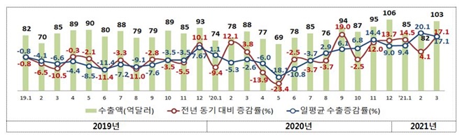 5개월 연속 수출 증가가 지속하고, 역대 1분기 수출 중 최고치 달성한 결과라고 전했다. 20대 품목 수출이 22.0% 증가하며 수출증가 견인됐고, 상위 5개 수출대상국으로의 수출이 14.1% 증가했다고 전했다.
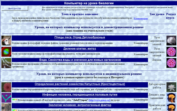 | Уроки биологии с разным режимом использования компьютеров – в демонстрационном режиме (одна машина с большим экраном или проектором), компьютерный класс с подключением к Интернету или без него. Восемнадцать конкретных уроков, которые демонстрируют примеры рационального использования вычислительной техники на уроках биологии. На сайте также имеются статьи о дистанционном образовании и рейтинговой системе, компьютерные программы, используемые в преподавании биологии, другая полезная для учителей информация. | |||
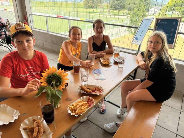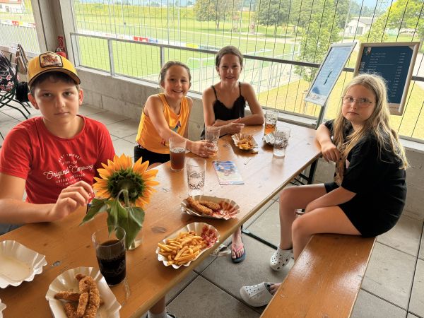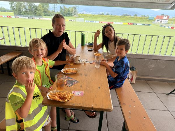Die Party startete um 11:30 und bot unserem Nachwuchs reichlich Möglichkeiten, sich nochmals sportlich etwas auszutoben. Für beste Verpflegung sorgte unser Helferteam, welches hierfür ebenfalls die neuen Anlagen des FC Koblach nutzen durfte und unseren Kids Pommes und Chicken Stripes servierte. So dienten die warmen Sonnenstunden als gelungener Abschluss der Wettkampfsaison und läuteten sogleich die 3-wöchige Trainingspause ein.
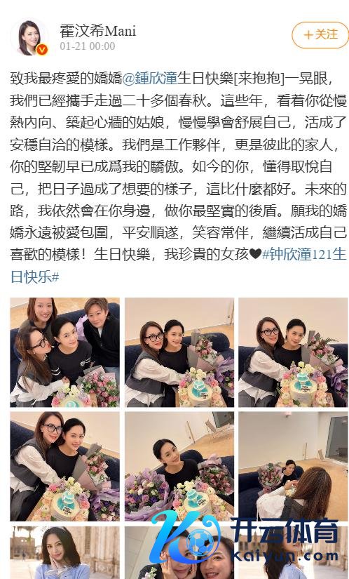 前段时分两东谈主还全部合体出席活动,而阿Sa也有了新的男一又友已经健身讲解注解,反不雅阿娇其实很思找个东谈主成婚生小孩,但前次遭受渣男之后怕是再也不敢谈恋爱了,1月21日是阿娇的寿辰,看成牙东谈主又是英皇总裁的霍汶希亦然和阿娇几十年的好一又友了,是以第一时分奉上祝贺。

▸ **Prompt**: Exactly reproduce the run of lines from the start of the listing through the line with "информация. | |||", inclusive; pictures are not copied.

▸ **Reply**:
 5개월 연속 수출 증가가 지속하고, 역대 1분기 수출 중 최고치 달성한 결과라고 전했다. 20대 품목 수출이 22.0% 증가하며 수출증가 견인됐고, 상위 5개 수출대상국으로의 수출이 14.1% 증가했다고 전했다.
 | Уроки биологии с разным режимом использования компьютеров – в демонстрационном режиме (одна машина с большим экраном или проектором), компьютерный класс с подключением к Интернету или без него. Восемнадцать конкретных уроков, которые демонстрируют примеры рационального использования вычислительной техники на уроках биологии. На сайте также имеются статьи о дистанционном образовании и рейтинговой системе, компьютерные программы, используемые в преподавании биологии, другая полезная для учителей информация. | |||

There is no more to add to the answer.